(Your goal): If a line below falls between the line with "1. After selecting" and the line with "American standard safety rules", or is one of those two, output it exactly; output nothing else and no pictures.

(Data):
# # #

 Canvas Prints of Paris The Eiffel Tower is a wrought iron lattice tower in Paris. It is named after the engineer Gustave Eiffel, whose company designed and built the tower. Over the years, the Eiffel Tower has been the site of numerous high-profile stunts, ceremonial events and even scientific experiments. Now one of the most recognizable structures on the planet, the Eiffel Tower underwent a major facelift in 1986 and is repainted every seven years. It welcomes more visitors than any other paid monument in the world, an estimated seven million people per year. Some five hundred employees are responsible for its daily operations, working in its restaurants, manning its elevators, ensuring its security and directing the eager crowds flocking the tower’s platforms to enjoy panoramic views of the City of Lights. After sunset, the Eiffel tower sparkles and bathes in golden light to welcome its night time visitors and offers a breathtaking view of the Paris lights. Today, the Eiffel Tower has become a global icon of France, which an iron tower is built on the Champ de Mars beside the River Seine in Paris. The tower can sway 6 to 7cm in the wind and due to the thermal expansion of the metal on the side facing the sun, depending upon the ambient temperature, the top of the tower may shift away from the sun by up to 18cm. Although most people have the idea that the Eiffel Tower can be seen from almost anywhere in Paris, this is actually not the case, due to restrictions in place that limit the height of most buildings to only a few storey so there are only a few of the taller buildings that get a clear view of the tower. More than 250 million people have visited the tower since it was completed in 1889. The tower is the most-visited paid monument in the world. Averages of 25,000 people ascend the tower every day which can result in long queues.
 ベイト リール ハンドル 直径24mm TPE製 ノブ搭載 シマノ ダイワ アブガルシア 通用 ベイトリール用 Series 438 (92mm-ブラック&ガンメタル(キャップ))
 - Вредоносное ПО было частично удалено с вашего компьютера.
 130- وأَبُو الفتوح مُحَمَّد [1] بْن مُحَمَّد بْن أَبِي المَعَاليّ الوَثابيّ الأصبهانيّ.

# # #

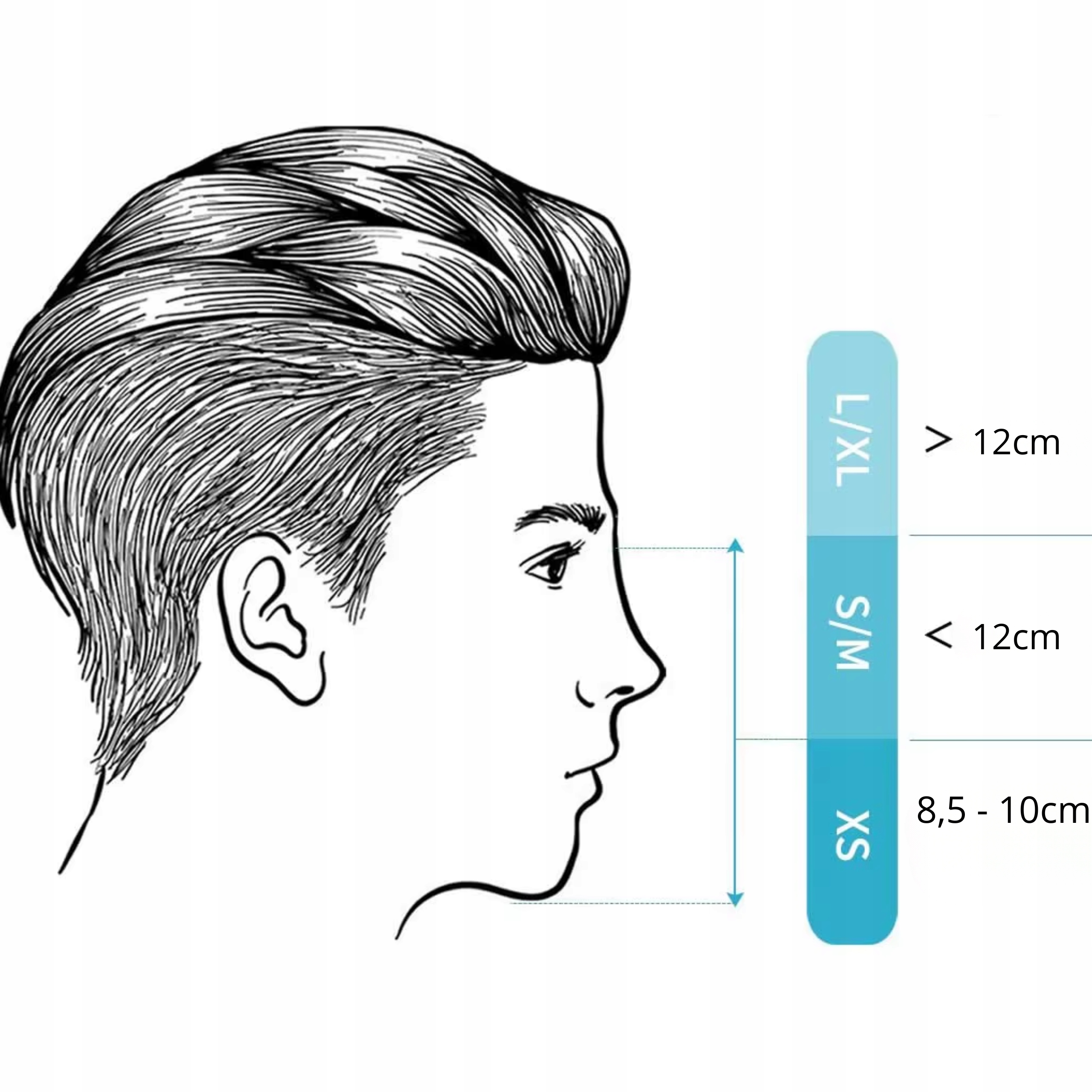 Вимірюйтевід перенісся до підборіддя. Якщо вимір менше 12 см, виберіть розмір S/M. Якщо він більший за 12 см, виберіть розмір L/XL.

# # #

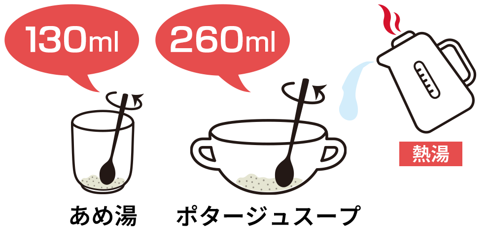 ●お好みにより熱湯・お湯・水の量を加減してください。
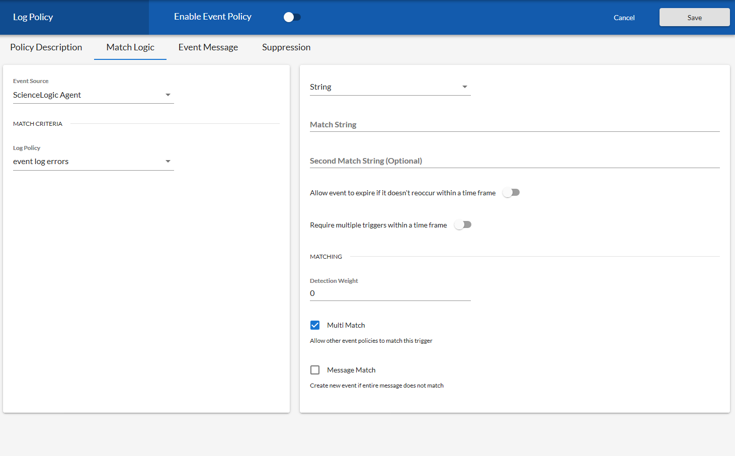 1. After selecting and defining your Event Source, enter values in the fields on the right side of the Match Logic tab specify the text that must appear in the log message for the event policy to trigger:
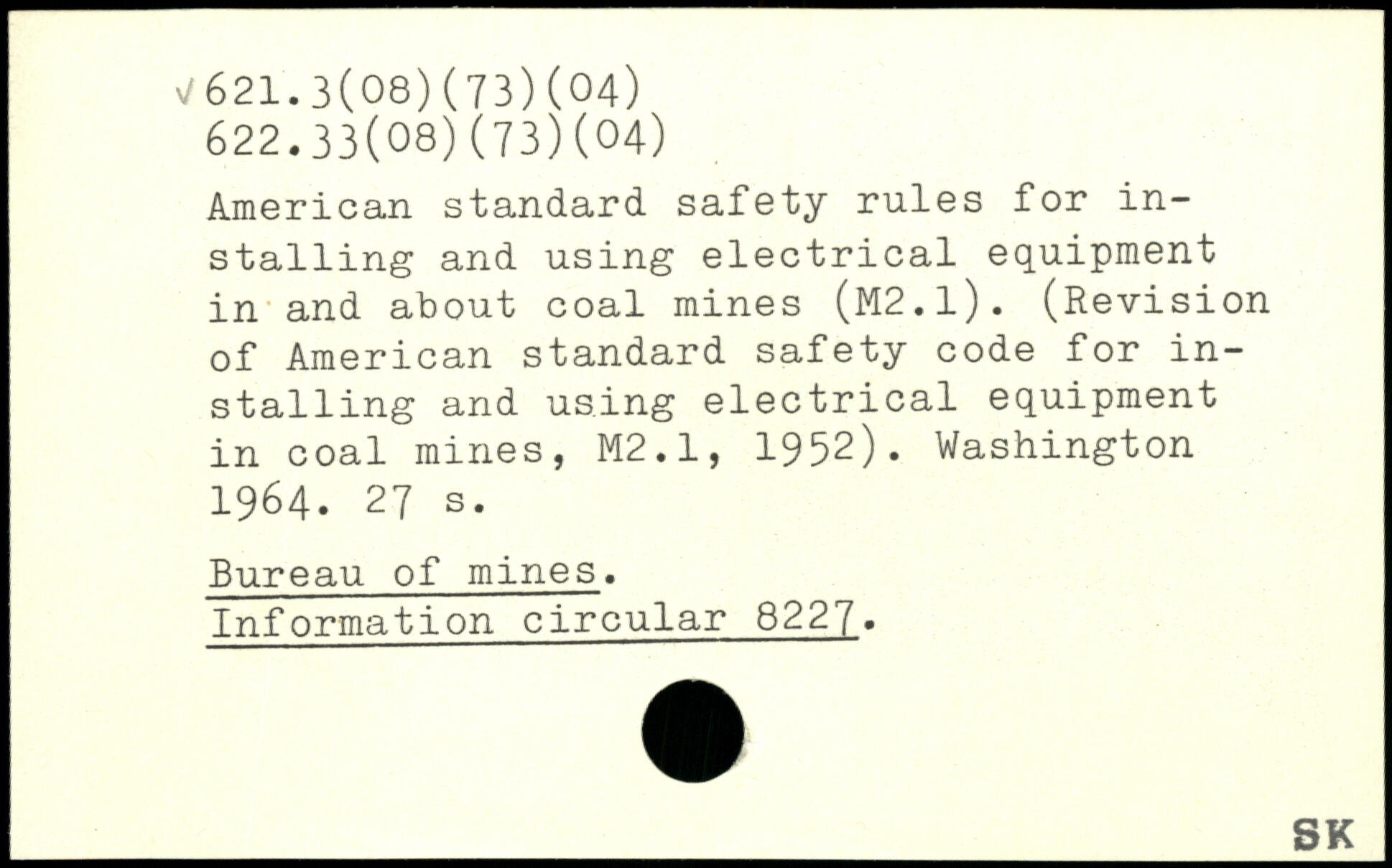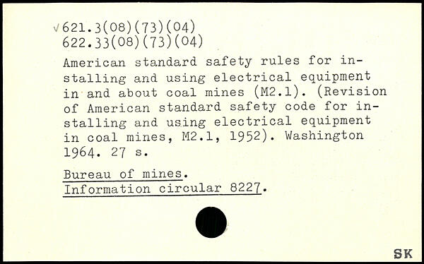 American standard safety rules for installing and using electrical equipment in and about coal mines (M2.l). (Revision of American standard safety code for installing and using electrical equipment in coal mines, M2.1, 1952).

# # #

(Result of the task):
 1. After selecting and defining your Event Source, enter values in the fields on the right side of the Match Logic tab specify the text that must appear in the log message for the event policy to trigger:
 American standard safety rules for installing and using electrical equipment in and about coal mines (M2.l). (Revision of American standard safety code for installing and using electrical equipment in coal mines, M2.1, 1952).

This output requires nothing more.